> [Source data]:
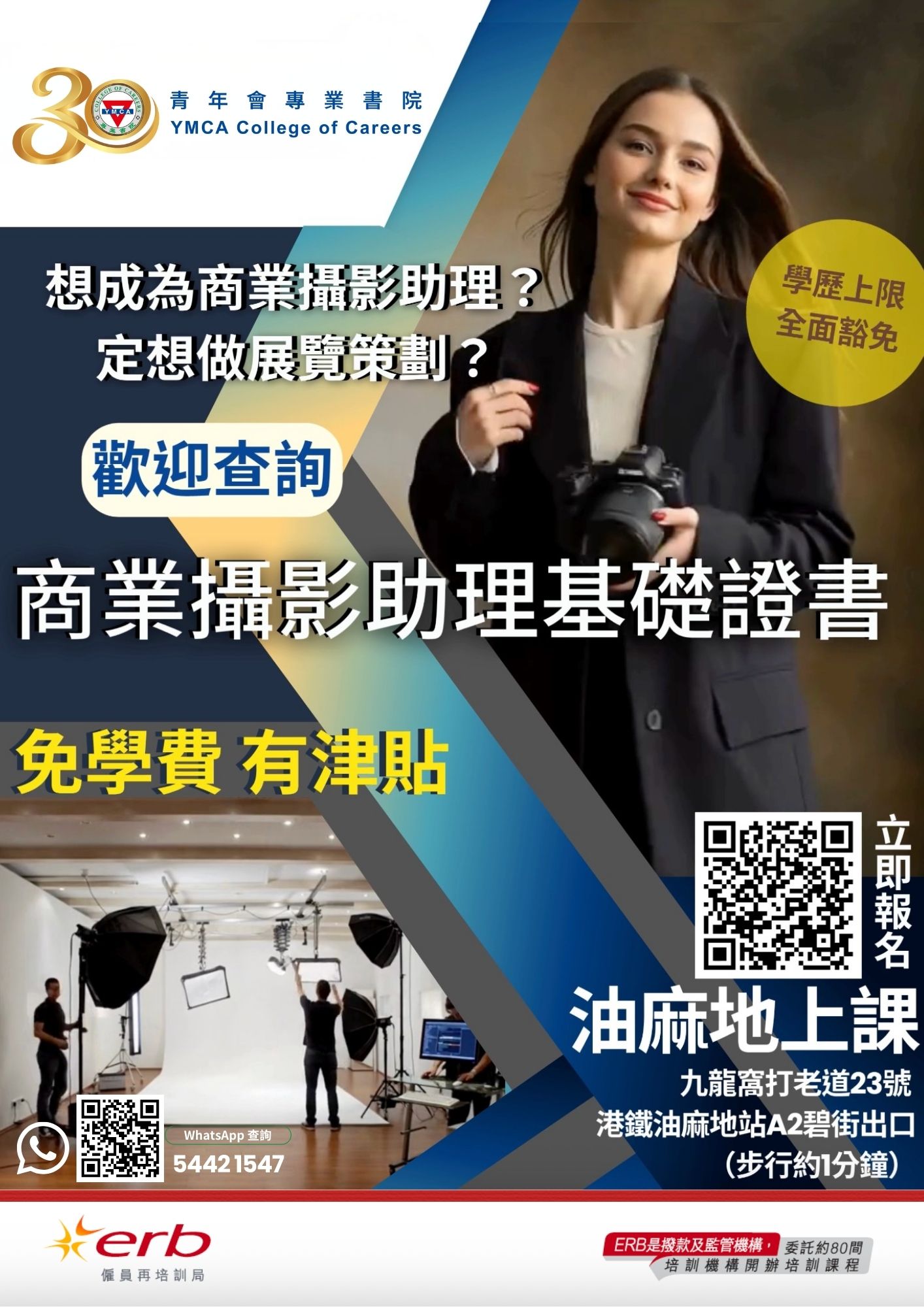 對象:此課程適合有意投身商業攝影或相關行業之失業或待業人士
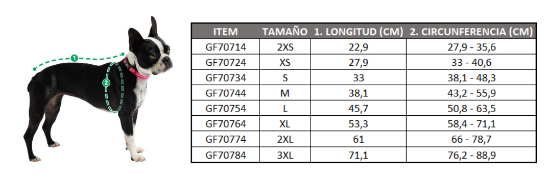 Talla L: Largo espalda 45.7 cm, circunferencia pecho 50.8 - 63.5 cm
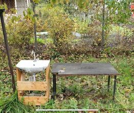 От трубы шланг подсоединен к раковине на улице.
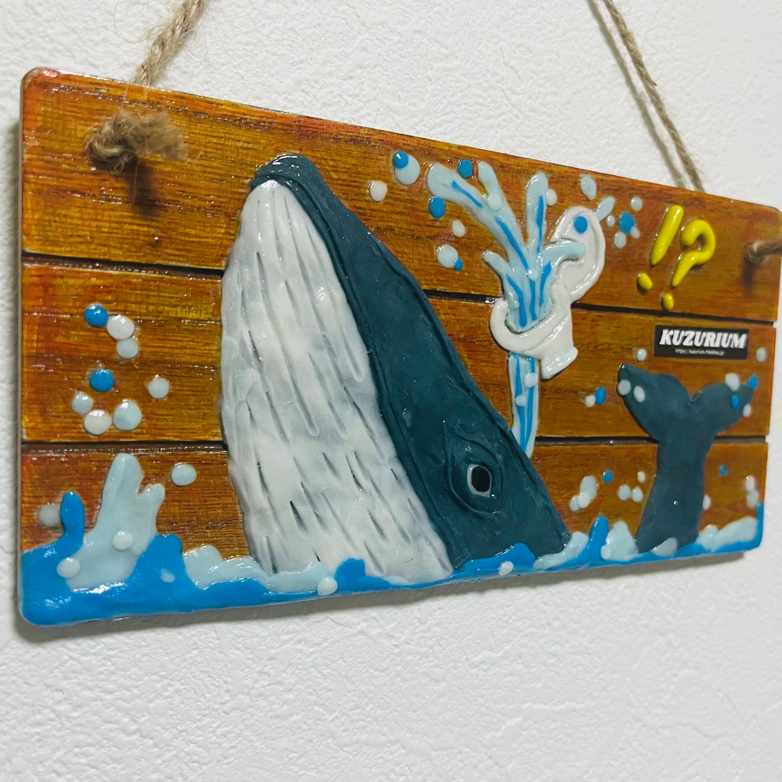 クジラが潮を吹き、トイレが吹っ飛んでいる絵のドアプレートです。トイレのドアにつけてもよし、作品として飾るのもよし。ただ、これを飾ってから万が一、トイレの故障や逆流があったら、その時は水道業者を呼びましょうね。

> [Instructions to follow]: Once the pictures are set aside, please reproduce the remaining material word for word.

> [Response area]:
 對象:此課程適合有意投身商業攝影或相關行業之失業或待業人士
 Talla L: Largo espalda 45.7 cm, circunferencia pecho 50.8 - 63.5 cm
 От трубы шланг подсоединен к раковине на улице.
 クジラが潮を吹き、トイレが吹っ飛んでいる絵のドアプレートです。トイレのドアにつけてもよし、作品として飾るのもよし。ただ、これを飾ってから万が一、トイレの故障や逆流があったら、その時は水道業者を呼びましょうね。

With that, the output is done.